Stored data:
____

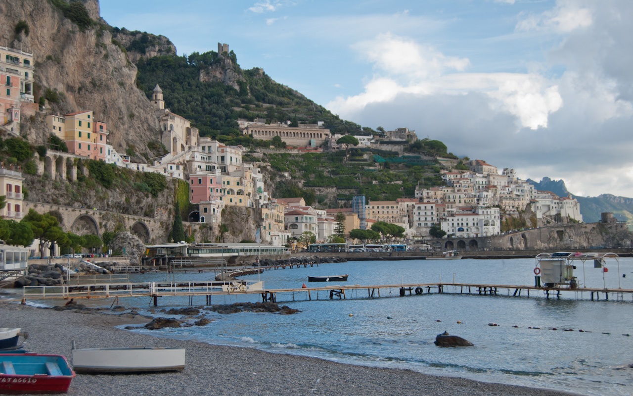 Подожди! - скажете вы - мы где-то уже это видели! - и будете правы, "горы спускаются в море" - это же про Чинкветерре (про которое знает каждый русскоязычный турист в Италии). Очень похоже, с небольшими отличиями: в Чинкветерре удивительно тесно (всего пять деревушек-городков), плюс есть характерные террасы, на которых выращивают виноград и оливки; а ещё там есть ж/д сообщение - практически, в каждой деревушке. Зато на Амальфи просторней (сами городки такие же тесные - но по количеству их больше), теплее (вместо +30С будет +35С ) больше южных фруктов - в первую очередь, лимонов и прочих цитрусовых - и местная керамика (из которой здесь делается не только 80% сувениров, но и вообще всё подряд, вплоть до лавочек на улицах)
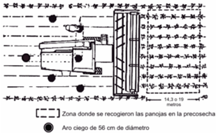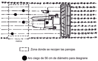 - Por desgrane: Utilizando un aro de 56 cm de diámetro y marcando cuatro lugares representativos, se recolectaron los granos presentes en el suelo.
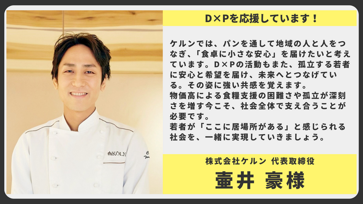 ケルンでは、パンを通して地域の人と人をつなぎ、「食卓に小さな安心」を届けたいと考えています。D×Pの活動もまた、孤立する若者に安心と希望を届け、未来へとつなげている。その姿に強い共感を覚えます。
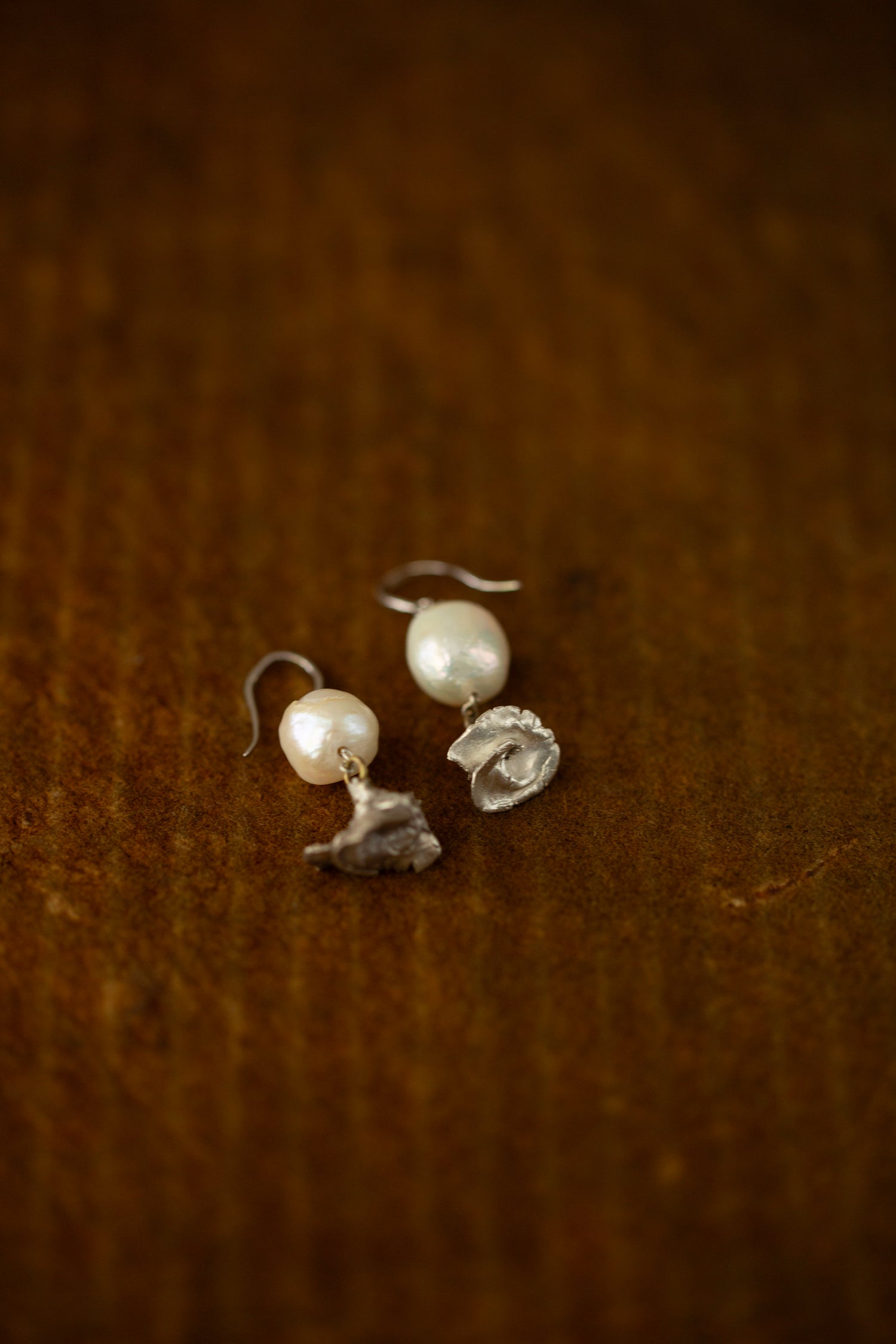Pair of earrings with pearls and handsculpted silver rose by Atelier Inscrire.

____

Exercise: For this exercise, restate the material exactly and skip every picture.

Expected output:
 Подожди! - скажете вы - мы где-то уже это видели! - и будете правы, "горы спускаются в море" - это же про Чинкветерре (про которое знает каждый русскоязычный турист в Италии). Очень похоже, с небольшими отличиями: в Чинкветерре удивительно тесно (всего пять деревушек-городков), плюс есть характерные террасы, на которых выращивают виноград и оливки; а ещё там есть ж/д сообщение - практически, в каждой деревушке. Зато на Амальфи просторней (сами городки такие же тесные - но по количеству их больше), теплее (вместо +30С будет +35С ) больше южных фруктов - в первую очередь, лимонов и прочих цитрусовых - и местная керамика (из которой здесь делается не только 80% сувениров, но и вообще всё подряд, вплоть до лавочек на улицах)
 - Por desgrane: Utilizando un aro de 56 cm de diámetro y marcando cuatro lugares representativos, se recolectaron los granos presentes en el suelo.
 ケルンでは、パンを通して地域の人と人をつなぎ、「食卓に小さな安心」を届けたいと考えています。D×Pの活動もまた、孤立する若者に安心と希望を届け、未来へとつなげている。その姿に強い共感を覚えます。
Pair of earrings with pearls and handsculpted silver rose by Atelier Inscrire.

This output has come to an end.